Journalist talks race in mass media

Courtesy| MSNBC


Touré, a journalist and host of  “The Cycle” on MSNBC, came to campus on April 1 to discuss the media’s role in the ongoing battle for civil rights.

Touré is the author of “Who’s Afraid of Post-Blackness?: What It Means to be Black Now” and “I Would Die 4 U: Why Prince Became an Icon.” He was nominated for an NAACP Image Award for Outstanding Literary Work of Non-Fiction in 2012 for “Who’s Afraid of Post-Blackness?”

Sponsored by the Office of Diversity, SUAAB, Meteor Theater, the School of Arts & Humanities and the Multicultural Center, the event began with an opening address on what civil rights means in today’s society, while also touching on the various protests and movements of the past that gave way to the liberation of different oppressed groups.

“This has been a critical battle in the history of America: the tension between being the great democratic nation that we think we are and the strangling power of these straight, rich, white men who have controlled this nation since the beginning,” Touré said.

He also discussed how the media —specifically television— prevented protests and civil rights violations from going unnoticed. He said television made the events covered visceral and immediate, creating a sense of severity and urgency in the viewing population.

“Television has been a key driver in all these movements because discrimination can survive in silence,” Touré said. “If we don’t shine a light on those things, they are able to persist. Silence aids and abets the status quo.”
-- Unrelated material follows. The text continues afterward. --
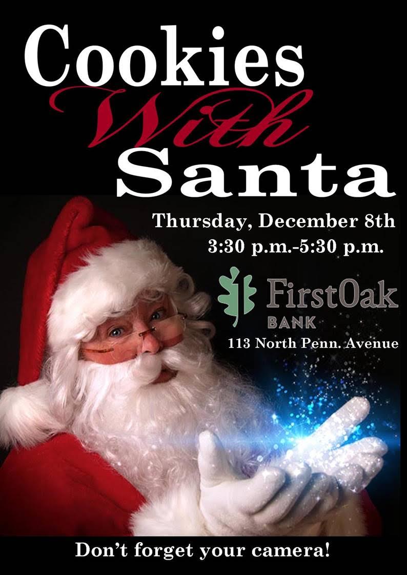 Cookies with Santa Cookies with Santa Come enjoy cookies with Santa Thursday, December 8th 3:30 p.m.-5:30 p.m. FirstOak Bank 113 North Penn. Avenue Watch Now

Following Touré’s remarks, Cinematheque presented a compilation of videos from various civil rights movements. The short documentary covered the African American, Chicano, Native American, Women’s, LGBTQ and Arab Spring movements, highlighting the role the media played in giving a voice to those who, at the time, had none.

After the video, Touré sat before the audience and fielded questions.

Touré engaged the audience in a frank, open discussion about race, often touching on more current examples of civil rights protests. He briefly spoke on the events that occurred in Ferguson recently and issues the United States has had with Boko Haram and ISIS.

He often drew these topics back to the way media reframes and delivers news to the general public. For example, when the protests in Ferguson occasionally grew violent, he stressed the importance of keeping the context of the events in mind.

“Sometimes to get heard, you have to burn something down,” Touré said. “I’m not saying they should have done it, but would media have been continued to be there if it hadn’t been violent?  I don’t know.”

As an example, he cited Malcolm X, who drew criticism for his militant remarks and was often compared to Dr. Martin Luther King Jr.

Whether the instances of civil rights violations are based on race, gender, sexuality or income, Touré gave a call to action for all people to consolidate their protests and work together to eliminate injustice wherever it crops up in society.

“Civil rights, as I see it, is about protecting rights wherever they might be deprived over demography,” Touré said. “If all Americans are born with unalienable rights, then why would we allow so many people’s rights to be constrained because they happen to be black or gay or female?”